Here we should notice the FEE00000H is the physical address space, not the physical memory. What is the difference? I think physical address space is from CPU perspective. When the CPU reads/writes the APIC registers, it will process by the APIC just like intercept and will never go to the memory address. Though there is one LAPCI per CPU core, and they all map to the same address, when the CPU reads/writes this address, it will just access his own LAPIC and there is no conflicts.
So how to implement the feature in virtualization. I mean every VCPU can access their own physical address with the same address, but get the private data belong to the VCPU. Let’s first look at the qemu’s implementation.
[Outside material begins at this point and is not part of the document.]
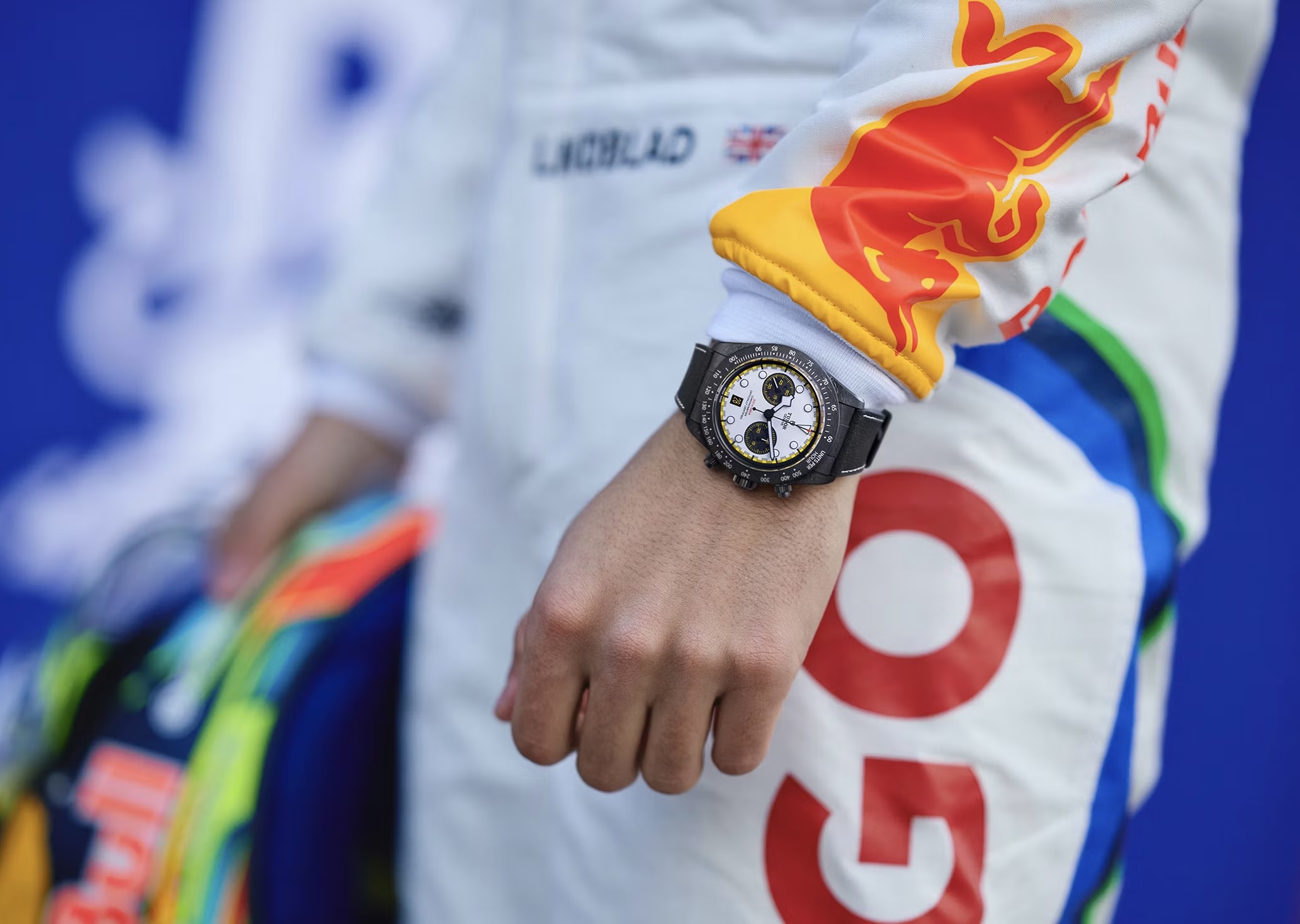 Tudor has officially launched the Black Bay Chrono Carbon 26 with the livery of the VCARB 03 car. A direct successor to last yearβs Carbon 25, the watch comes with a 42 mm carbon fiber case, a fixed tachymeter bezel, a screw-down crown, chronograph pushers, and the same MT5813 automatic chronograph movement with 70 hours of power reserve.

In LAPIC realize:
static void apic_realize(DeviceState *dev, Error **errp)
{
APICCommonState *s = APIC(dev);
if (s->id >= MAX_APICS) {
error_setg(errp, "%s initialization failed. APIC ID %d is invalid",
object_get_typename(OBJECT(dev)), s->id);
return;
}
memory_region_init_io(&s->io_memory, OBJECT(s), &apic_io_ops, s, "apic-msi",
APIC_SPACE_SIZE);
s->timer = timer_new_ns(QEMU_CLOCK_VIRTUAL, apic_timer, s);
local_apics[s->id] = s;
msi_nonbroken = true;
}
We can see, the creating apic is stored in a global variable ‘local_apics’. In the access function, the function first need to decide the VCPU which is accessing the registers.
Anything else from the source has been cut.